The Shins – Heartworms
05 10

The Shins Heartworms Columbia

16.03.17

“I started messing with my Dad’s guitar/ He taught me some chords just to start me off/ Whittling away on those rainy days/ And that’s how we get to where we are now.”

It’s not surprising that James Mercer’s musical origin story is far from scandalous. New song Mildenhall tells the tale of an indie musician who attributes his success to “cheap beer and rock ‘n’ roll” and a classmate’s loan of a Jesus and Mary Chain record. It’s hardly ripe for a salacious biopic, but for The Shins’ fifth record, Heartworms, Mercer has chosen to walk us through his adolescent memories. Whatever it is he’s looking for, it’s hard for us to find.

It’s been 16 years since The Shins’ debut Oh, Inverted World became code for a specific kind of quirky indie intellectualism, and thirteen years since the band’s cult success grew world-wide after Zach Braff’s Garden State (2004) urged: “You gotta hear this one song; they’ll change your life, I swear.” But since an “aesthetic” shake-up in 2009 left Mercer as the last original member standing, he’s taken pains to emphasise that he’s running the show.

The first record Mercer’s produced singlehandedly since 2001, Heartworms distances itself assertively from his work with Danger Mouse as Broken Bells, and perhaps from 2012’s off-the-boil Shins album Port of Morrow too. Special effects and studiously flamboyant vocals result in surrealist, cartoon pop that’s stuck in the adolescent. “I’ve never done time/ But I’ve done the crime/ Of wanting/ Something that could never stay,” Mercer scrawls in his diary on Cherry Hearts.
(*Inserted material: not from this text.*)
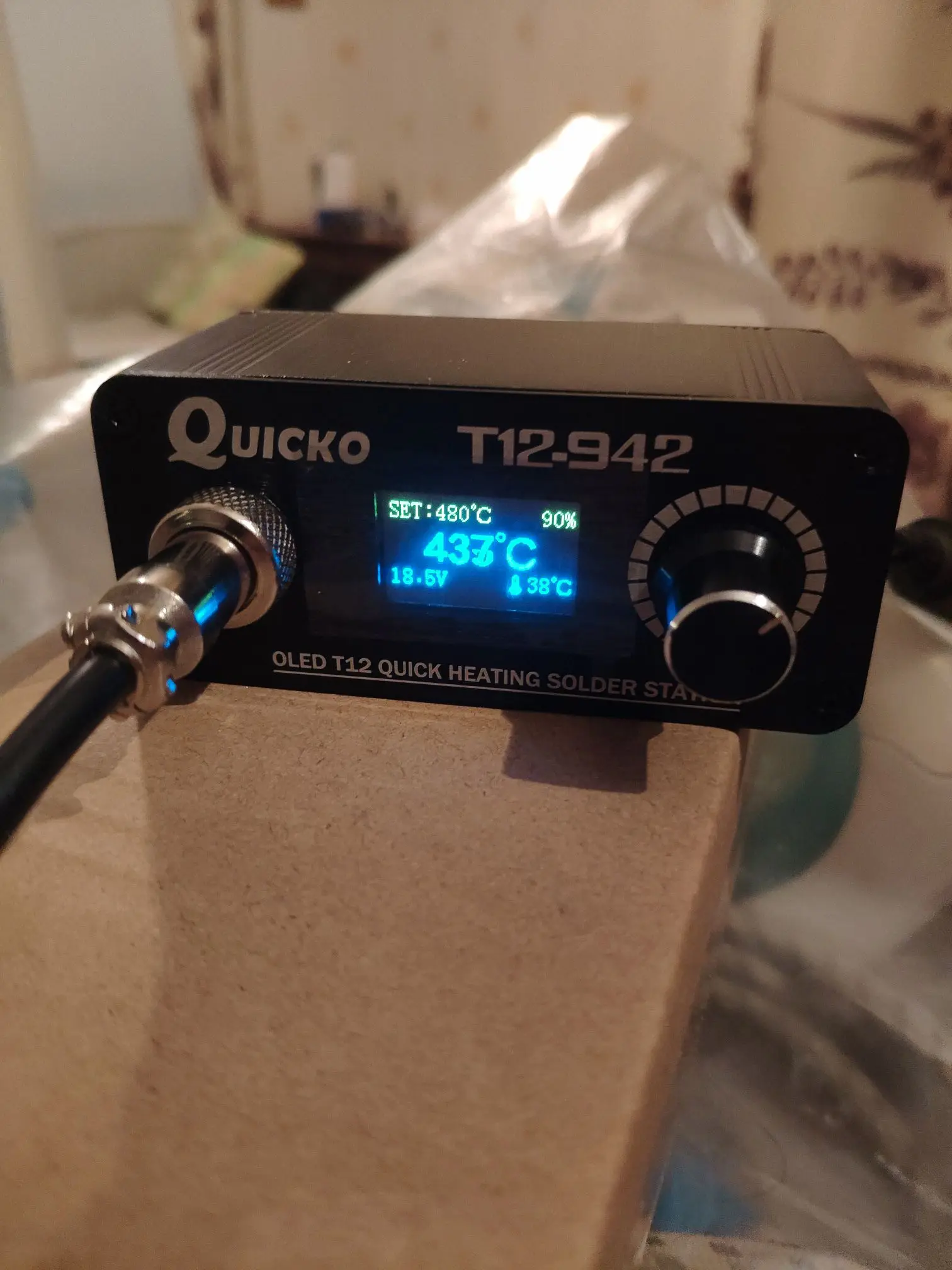 Хороший паяльник, быстро разогревается, все насадки рабочие. Так же очень удобная ручка и хороший провод в силиконовой изоляции. Кажется, что для пайки надо придерживаться правила "прибавить 50-60 градусов к тому, что на дисплее", потому что замеры говорят об этом. Прочитал в описании - они вроде как знают о проблеме, но не считают её проблемой, и как решение, предлагают либо не мерять температуру, либо мерять её специальной станцией для паяльников (ага, у меня их много дома) и вообще советуют не покупать если уж прям по температуре хочется точности. Тем не менее, я лично считаю цена/качество очень привлекательными, так что рекомендую всем нищебродам электронщикам

Ticking all the boxes of an “adorkable” rom-com, Fantasy Island embellishes: “Hitting the fire alarms desperately wanting attention, I was just a boy/ Out there on my own/ Wishing I could fly.”

Turning his memories into just another teen movie, Heartworms can’t shake the weight of Mercer’s own expectations – as, deep down, he might have suspected all along. “I took a pledge to grow up,” he admits on Half a Million, “I’m just too lazy to make amends… That’s why the pattern still remains.”